Members of the City Council overwhelmingly support the bill, as do a handful of other potential mayoral candidates. Quinn, however, the speaker of the City Council, opposes the legislation, and has so far blocked it from coming to a vote.
The Democratic mayoral primary is nine months away, and the city’s well-heeled liberal Jewish constituency is still without an obvious candidate. According to some observers, Quinn’s next move on paid sick leave could play a role in determining whether or not they wind up backing her.
“The progressive Jewish community, with its deep, longtime narrative of social justice and aggressive fairness, is in no way cemented to Speaker Quinn,” said Michael Tobman, a New York City-based political consultant.

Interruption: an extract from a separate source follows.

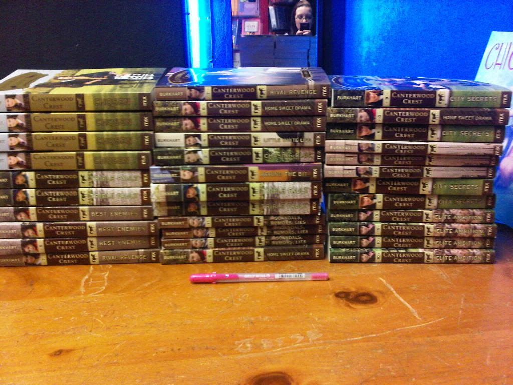 I signed them in pretty pink! 🙂 Everyone there was so nice and it was the COOLEST B&N I’ve ever visited. Next time, I’ll sign stock at the Apache Mall’s B&N.

The letter, signed by forty rabbis, asks Quinn to pass a bill called the Paid Sick Time Act, Intro 97. That bill is still being revised, but would require most New York City businesses to provide a handful of paid sick days each year.
Mayor Michael Bloomberg also opposes the measure. Supporters believe they have enough support in the City Council to override a potential mayoral veto.
Similar legislation has passed in recent years in Connecticut and San Francisco. The New York City bill was first introduced in the City Council in 2010.
Signatories to the rabbis’ letter include clergy from Central Synagogue; a large Reform congregation on the Upper East Side, from Congregation Rodef Sholom; a large Reform congregation on the Upper West Side, and from Congregation B’nai Jeshurun, a large Conservative congregation on the Upper West Side. Jews for Racial and Economic Justice, an activist group, organized the letter.